The Federal Trade Commission released a preliminary report, "Protecting Consumer Privacy in an Era of Rapid Change," for public comment today. Among other things, it did suggest the "do not track" option for web surfers. Here's the NYT article on the report.

A few weeks ago E. Wyatt and T. Vega wrote of the then forthcoming FTC report on net privacy in "Stage Set for Showdown on Online Privacy" (NYT November 9, 2010):
"Consumer advocates worry that the competing agendas of economic policy makers in the Obama administration, who want uniform international standards, and federal regulators, who are trying to balance consumer protection and commercial rights, will neglect the interests of people most affected by the privacy policies. “I hope they realize that what is good for consumers is ultimately good for business,” said Susan Grant, director of consumer protection at the Consumer Federation of America."
The report contains what look like some good, balanced, and practical guidelines for how consumers and information collecting entities interact on the web and elsewhere.

I'd like to propose, as a thought experiment, a more radical approach.  What if we started from the premise that everyone owns her own information.  You own you opinions, your attitudes, and the traces your behavior might create.  If this information is valuable to another entity, they are free to bid on it.  We don't need privacy protections, we just need an infrastructure that will allow for a market for private information to operate.

A website or a retailer can have an offer, right at the front door: if you want to browse here, I want to know your name and take note of what you look at.  The consumer, in return, can say, you can watch me, for 5 dollars.  Consumers can make money by moving around the net and generating value.  The entities who host websites on which behavior turns into information turns into value would also be entitled to a share.

Now take the idea a step further.  Suppose rather than selling my information I agree to license it.  This time I say, you can watch me for $5 but down the road, if any value accrues to you by virtue of you aggregating my information with that of others, I want a cut.  As my information goes upstream, up the aggregation pyramid, it becomes a component in something valuable: I deserve a share. 

Of course, we'll be told this is completely impractical.  Retailers and other entities would just build in the cost.  And the transaction costs would be too high.  Maybe.  But we've got micro-credits  worked out at the level of single click-throughs.  I don't think the barriers would be technical.

From Information Superhighway to Information Metrosystem

The new FTC report on consumer privacy has an interesting graphic in an appendix.

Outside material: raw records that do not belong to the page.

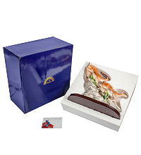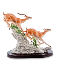 Тонкие и четко выраженные линии, гармоничность и экспрессия бега – все это очень хорошо передает композиция «Олени». Семья оленей запечатлена в момент опасности, спасаясь бегством, художнику удалось очень выразительно передать движение животных, подобрать мягкие цвета оформления, что без сомнения будет достойно оценено знатоками фарфора.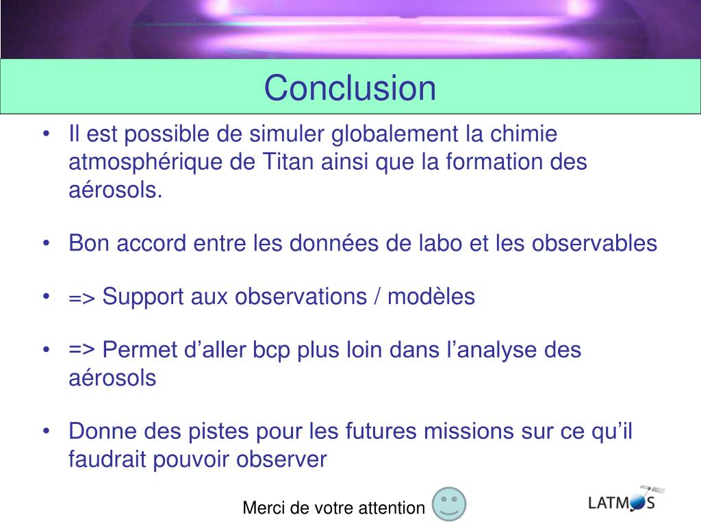 Conclusion • Il est possible de simuler globalement la chimie atmosphérique de Titan ainsi que la formation des aérosols. • Bon accord entre les données de labo et les observables • => Support aux observations / modèles • => Permet d’aller bcp plus loin dans l’analyse des aérosols • Donne des pistes pour les futures missions sur ce qu’il faudrait pouvoir observer Merci de votre attention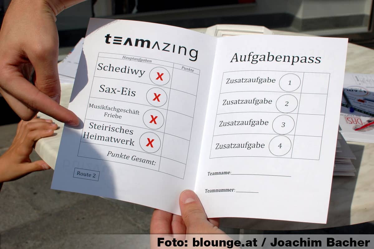 Teamazing Gassen-Challenge: Melden Sie sich vor Ort als Einzelperson oder Kleingruppe an und lösen Sie in den teilnehmenden Geschäften aufregende Rätsel und Aufgaben. Dabei sind vor allem Teamgeist, Einfallsreichtum und Geschicklichkeit gefragt. Anmeldung bei teamazing Ecke Herrengasse/Hans-Sachs Gasse. Für die Besten gibt es tolle Preise, wie zum Beispiel: eine Ausfahrt mit einem original US-Oldtimer, einen Designerteppich von Geba, GrazGutscheine, Honig und weitere kleine Aufmerksamkeiten.
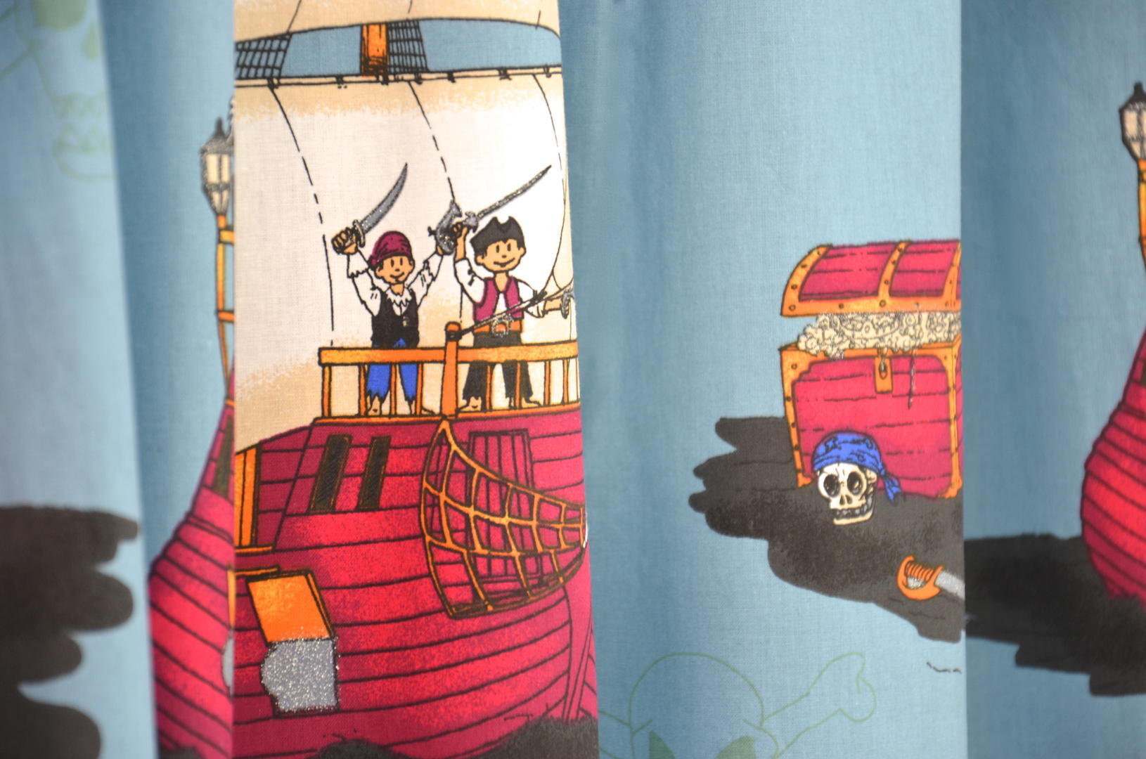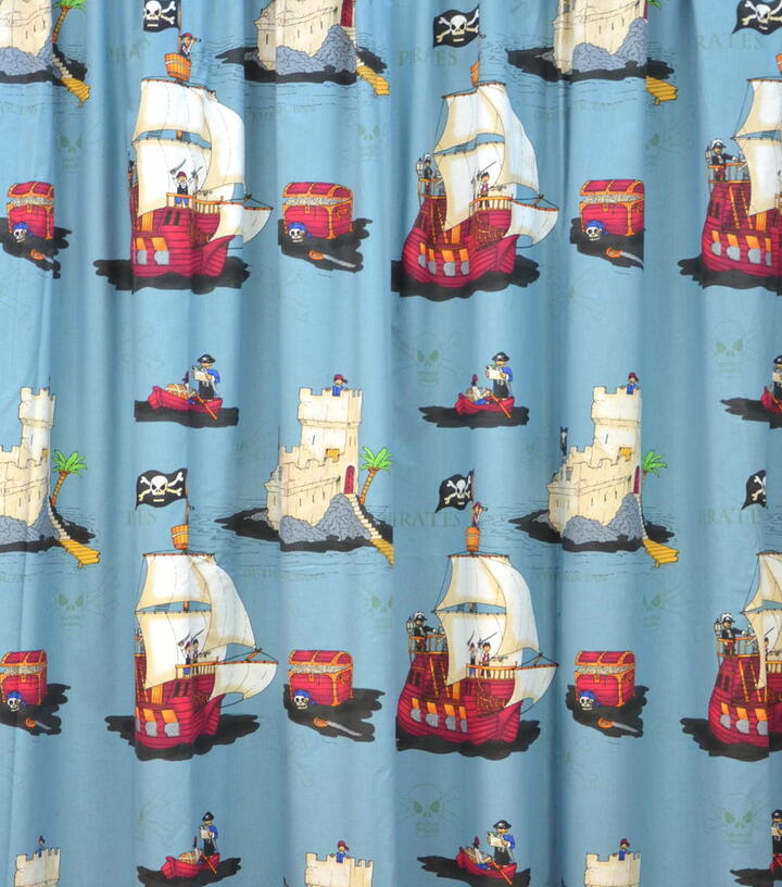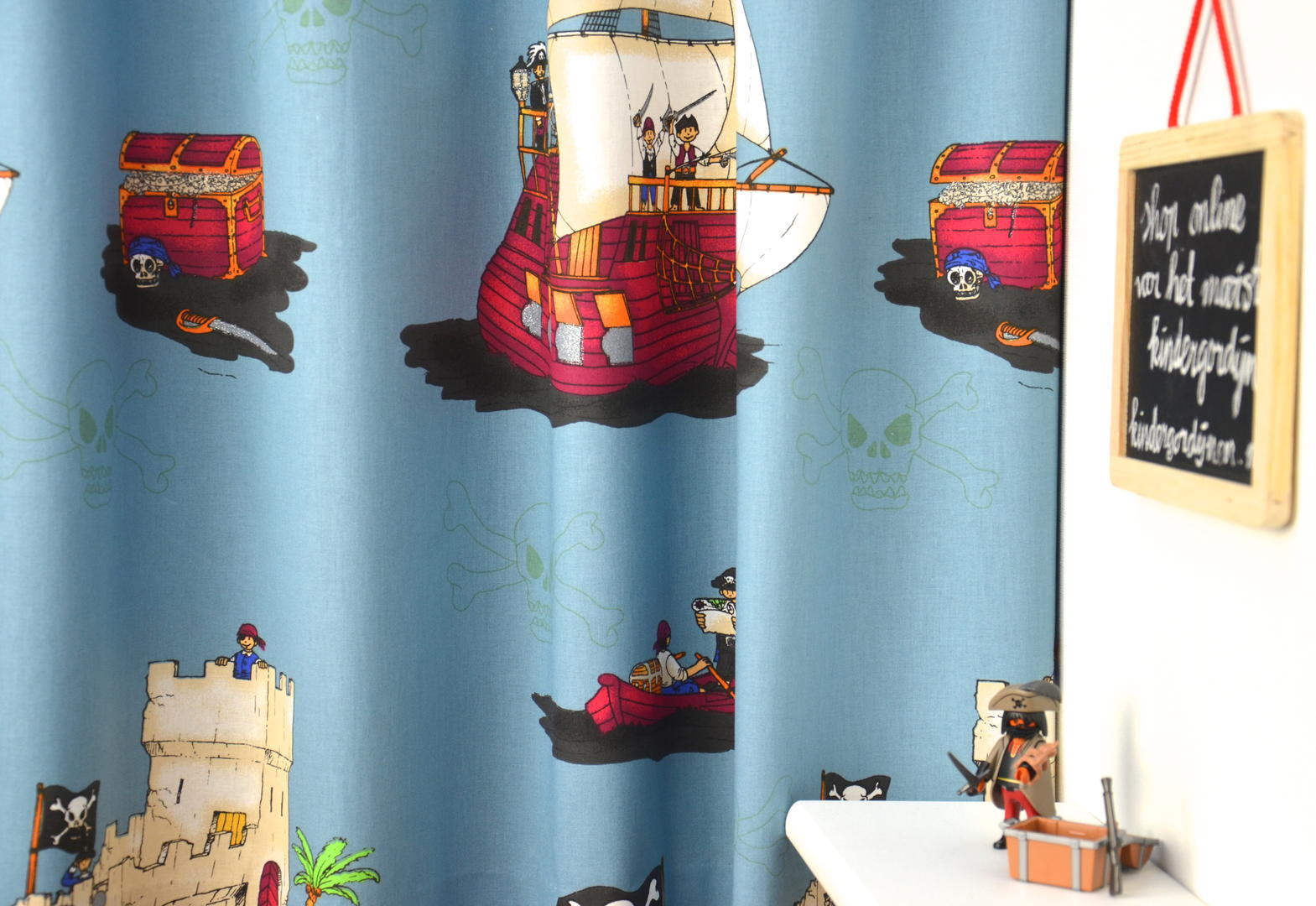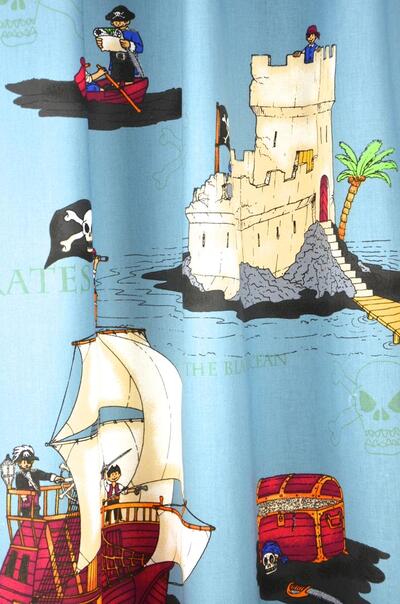 Avontuurlijk piratengordijn vol schepen, schatten en kastelen voor de kleine ontdekkingsreizigers. Verkrijgbaar in drie verschillende kleuren.

It purports to be a model of the "Personal Data Ecosystem." It's interesting as an attempt to portray a four-mode network : individuals, data collectors, data brokers, and data users. The iconography here seems to be derived from classic designs of subway and underground maps.

From http://www.ftc.gov/os/2010/12/101201privacyreport.pdf.

The genre mixing in the diagram invites, on the one hand, a critical look at where the FTC is coming from in the report (which, in my limited experience of digesting FTC output looks relatively well done) and, on the other, points toward a need to better conceptualize the various components and categories.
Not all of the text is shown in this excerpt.